PROBLEM TO SOLVE: Copy out all the lines of the data precisely, omitting any pictures.

RECORDED DATA:
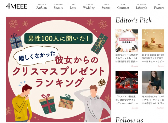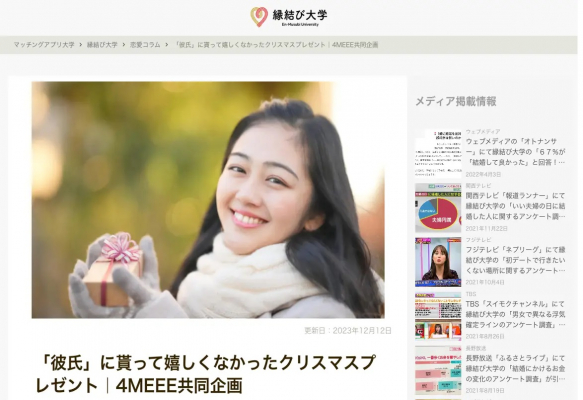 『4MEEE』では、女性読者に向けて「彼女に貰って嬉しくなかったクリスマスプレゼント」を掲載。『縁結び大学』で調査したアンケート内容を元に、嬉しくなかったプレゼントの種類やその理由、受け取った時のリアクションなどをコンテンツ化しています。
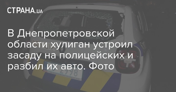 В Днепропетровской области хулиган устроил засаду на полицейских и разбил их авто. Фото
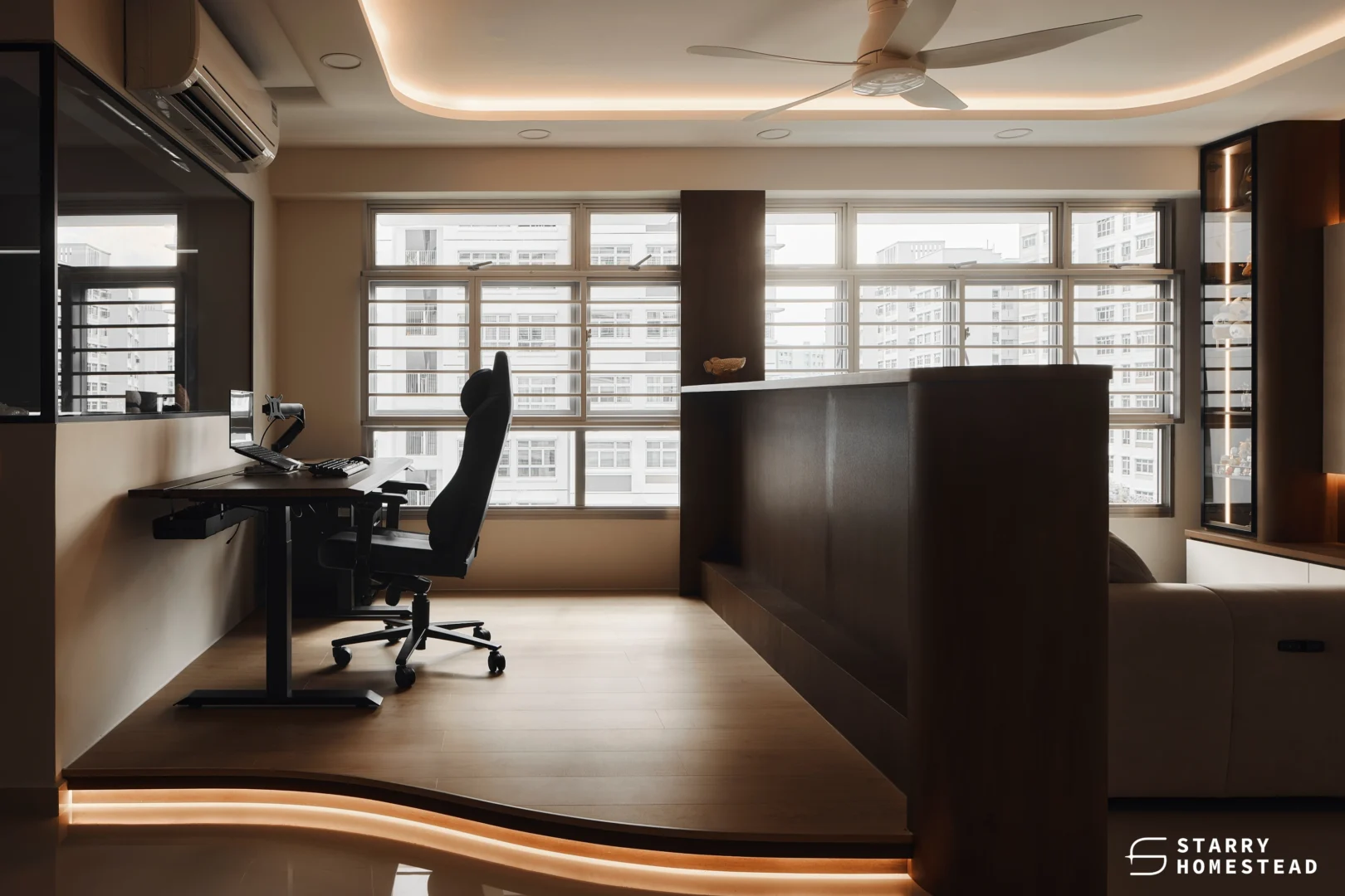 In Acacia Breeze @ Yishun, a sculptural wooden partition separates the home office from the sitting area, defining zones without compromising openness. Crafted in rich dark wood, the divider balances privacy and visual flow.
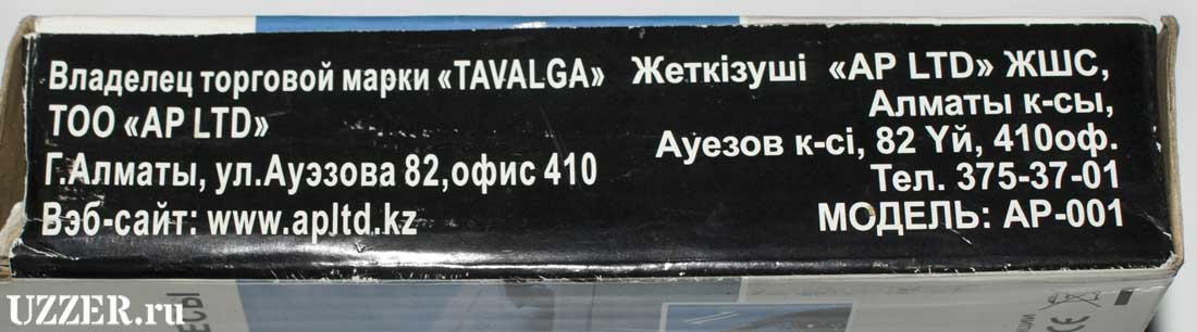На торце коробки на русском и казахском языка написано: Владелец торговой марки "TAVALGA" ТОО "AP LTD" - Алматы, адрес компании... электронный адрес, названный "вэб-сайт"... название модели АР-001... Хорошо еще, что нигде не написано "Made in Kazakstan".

EXERCISE RESPONSE:
 『4MEEE』では、女性読者に向けて「彼女に貰って嬉しくなかったクリスマスプレゼント」を掲載。『縁結び大学』で調査したアンケート内容を元に、嬉しくなかったプレゼントの種類やその理由、受け取った時のリアクションなどをコンテンツ化しています。
 В Днепропетровской области хулиган устроил засаду на полицейских и разбил их авто. Фото
 In Acacia Breeze @ Yishun, a sculptural wooden partition separates the home office from the sitting area, defining zones without compromising openness. Crafted in rich dark wood, the divider balances privacy and visual flow.
На торце коробки на русском и казахском языка написано: Владелец торговой марки "TAVALGA" ТОО "AP LTD" - Алматы, адрес компании... электронный адрес, названный "вэб-сайт"... название модели АР-001... Хорошо еще, что нигде не написано "Made in Kazakstan".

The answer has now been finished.